Introduction: By 2030, the non-communicable diseases (NCDs) are expected to overtake communicable, maternal, neonatal, and nutritional (CMNN) diseases combined as the leading cause of mortality in sub-Saharan Africa (SSA). With the increasing trend in NCDs, the NCD risk factors (NCDRF) need to be understood at local level in order to guide NCD risk mitigation efforts. Therefore, we provide a detailed analysis of some modifiable NCDRF and their determinants in Malawi using the 2017 Stepwise survey (STEPS). Methods: This is a secondary analysis of the Malawi 2017 STEPS. Data was analysed using frequencies, proportions, odds ratios (OR) and their associated 95% confidence intervals (95%CI). We fitted multiple logistic regression of the NCD risk factors on the explanatory variables using likelihood ratio test. The level of statistical significance was set at P< 0.05. Results: Of the 4187 persons, 9% were current smokers, 1% were taking alcohol, 16% had high salt intake, 64% had insufficient fruit intake, 21% had low physical activity, 25% had high blood sugar, and 11% had high blood pressure. Smoking odds increased with age but decreased with level of education. Females had lower odds of engaging in harmful alcohol use than males (AOR=0.04, 95%CI: 0.01-0.17, P<0.001). Females had lower odds of high salt uptake than the males (AOR=0.70, 95%CI: 0.58-0.84, P=0.0001). Persons in non-paid jobs had higher odds of salt uptake than those employed (AOR=1.70, 95%CI: 1.03-2.79, P=0.04).

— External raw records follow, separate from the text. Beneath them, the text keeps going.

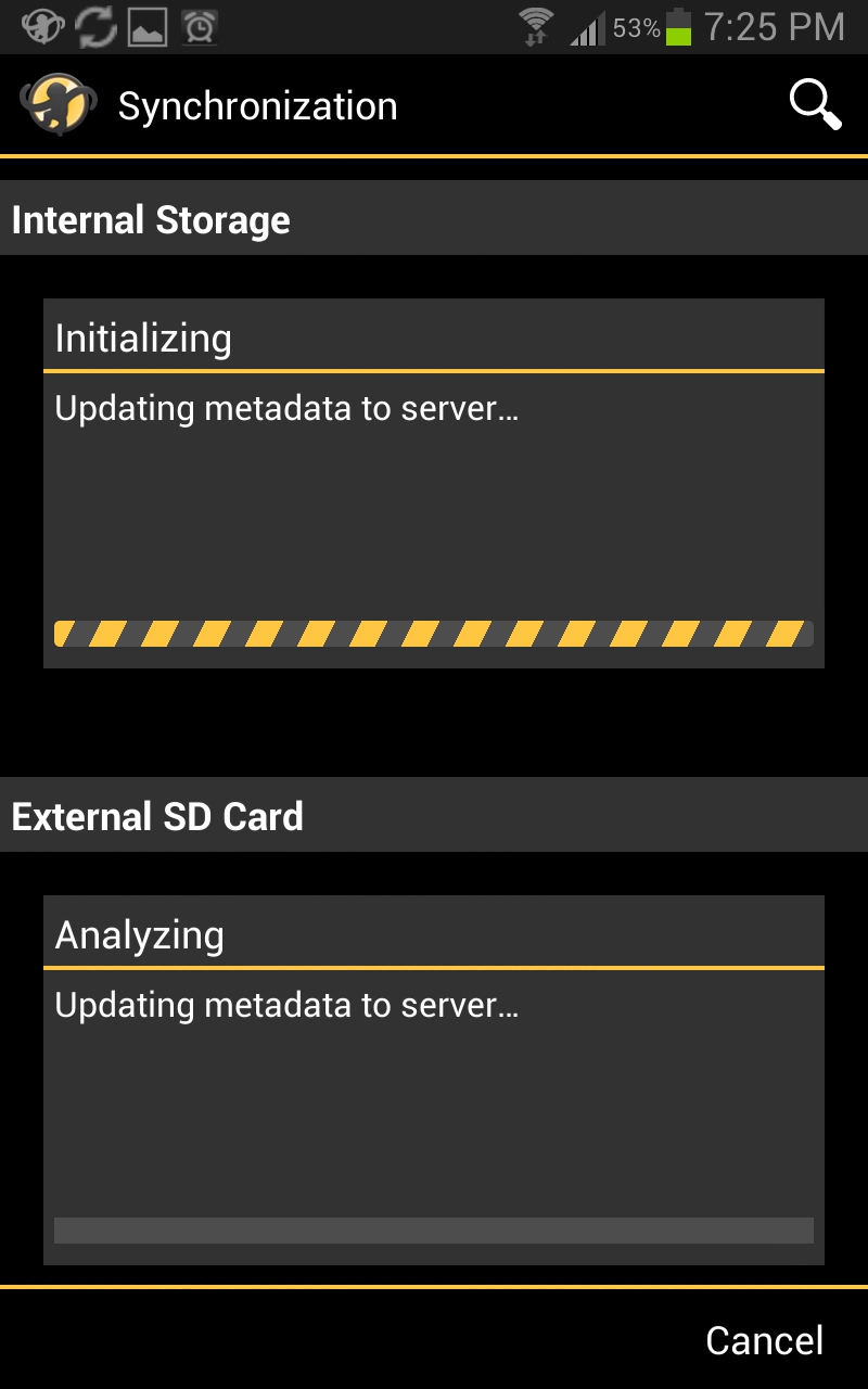 | Description | With a disabled internal memory wifi sync (first one to sync on my device) the sync progress for the external memory is shown in both the internal and external memory area. | ||||
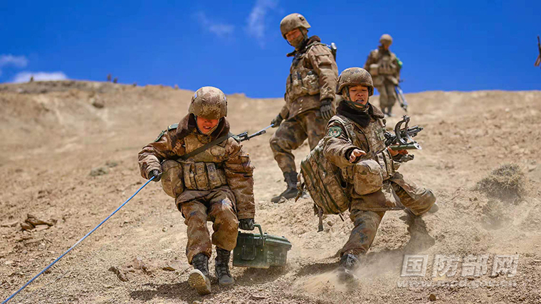 训练中,新疆军区某团官兵快速沿陡坡下山。
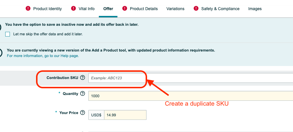 For example, The original listing has the SKU: ABC
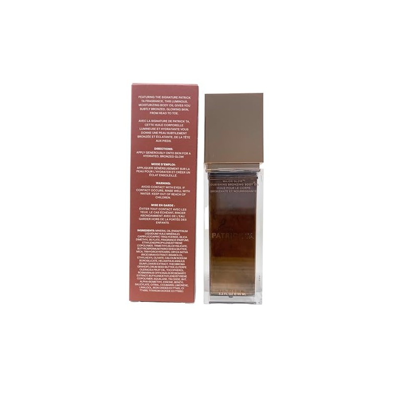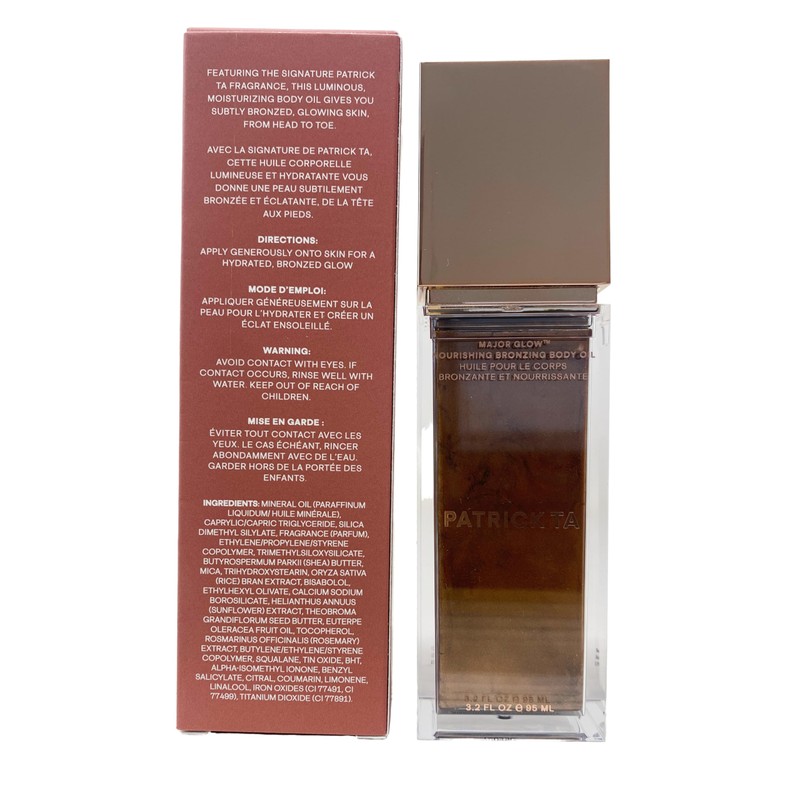 Patrick Ta Major Glow Nourishing Bronzing Body Oil (3.2 Fl Oz / 95 mL) The golden touch for a bronzed body. Bask in the glow of this luxurious oil, infused with golden warm pearls and high-performing ingredients for moisture, shine, and enhanced skin elasticity. It's quick to absorb, leaving you sunlit and scented with notes of bergamot, jasmine, and sandalwood
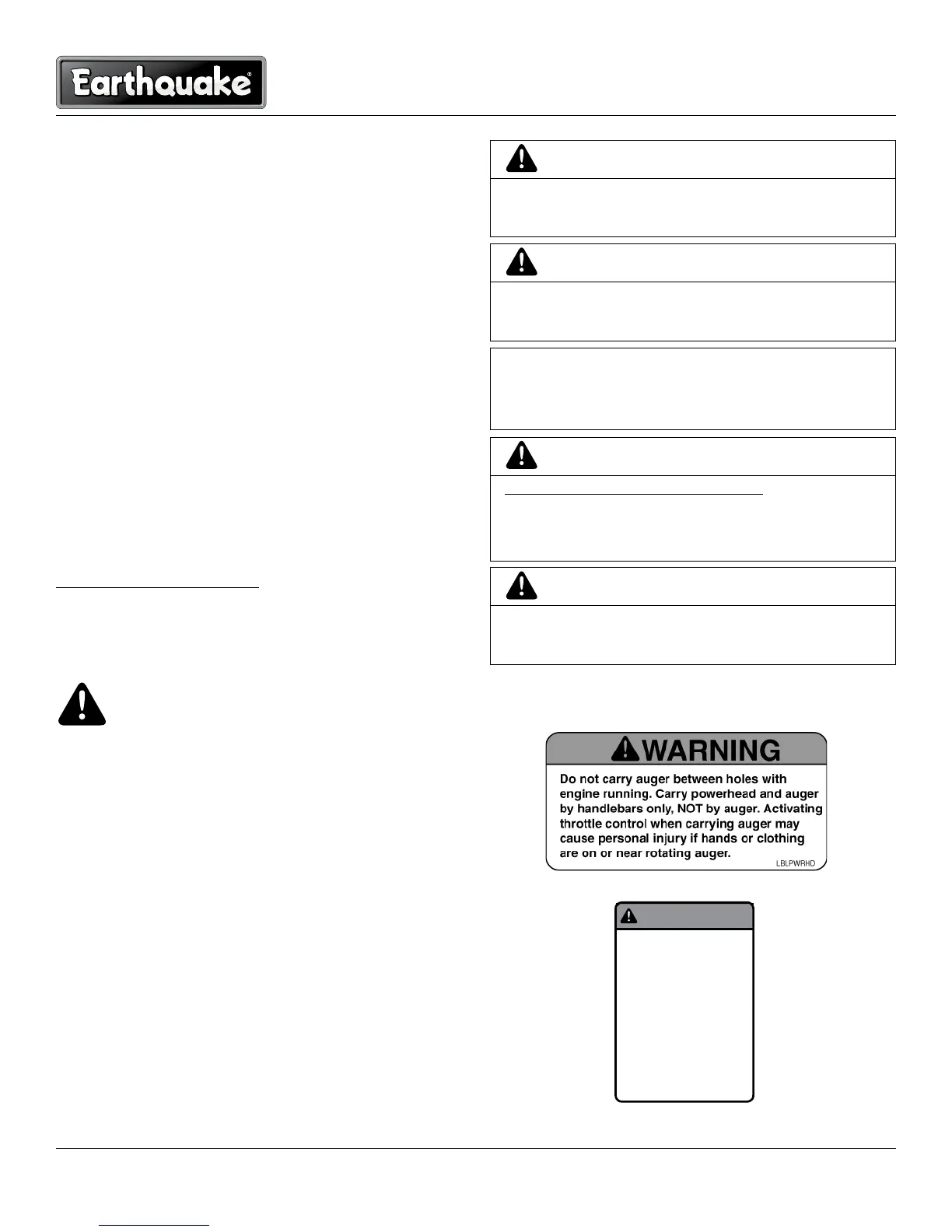 Accurate assembly and safe, eective use of the auger is the owner’s

Females were 22% more likely to have insufficient fruit uptake compared to males (AOR=1.22, 95%CI: 1.06-1.41, P=0.007). Conclusion: The high prevalence of physical inactivity, high salt consumption, insufficient fruit intake, raised blood glucose and high relatively blood pressure calls for a sound public health approach. The Malawi Ministry of Health should devise multi-sectoral approaches that minimize exposure to modifiable NCD risk factors at population and individual levels.
马拉维非传染性疾病风险因素及其决定因素的患病率:2017年世界卫生组织逐步调查的证据
引言:到2030年,非传染性疾病预计将超过传染性疾病、孕产妇疾病、新生儿疾病和营养性疾病,成为撒哈拉以南非洲地区的主要死亡原因。随着非传染性疾病的增加趋势,需要在地方层面了解非传染性疾病风险因素,以指导非传染性疾病缓解工作。因此,我们使用2017年逐步调查(STEPS)对马拉维的一些可修改的NCDRF及其决定因素进行了详细分析。方法:这是对马拉维2017年STEPS的二次分析。使用频率、比例、比值比(OR)及其相关的95%置信区间(95%CI)对数据进行分析。我们使用似然比检验对解释变量进行了NCD风险因素的多元逻辑回归拟合。统计学显著性水平设定为P<0.05。结果:4187人中,9%的人现在吸烟,1%的人正在饮酒,16%的人高盐摄入,64%的人水果摄入不足,21%的人体力活动量低,25%的人血糖高,11%的人高血压。吸烟的几率随着年龄的增长而增加,但随着教育水平的提高而降低。女性与男性相比,摄入有害酒精的几率更低(AOR=0.04,95%CI:0.01-0.17,P<0.001)。女性摄入高盐的几率低于男性(AOR=0.70,95%CI:0.58-0.84,P=0.001)。从事无薪工作的人摄入盐的几率高于在职人员(AOR=1.70,95%CI:1.03-2.79,P=0.04)男性(AOR=1.22,95%CI:1.06-1.41,P=0.007)。马拉维卫生部应制定多部门方法,最大限度地减少人口和个人层面可改变的非传染性疾病风险因素。
本文章由计算机程序翻译,如有差异,请以英文原文为准。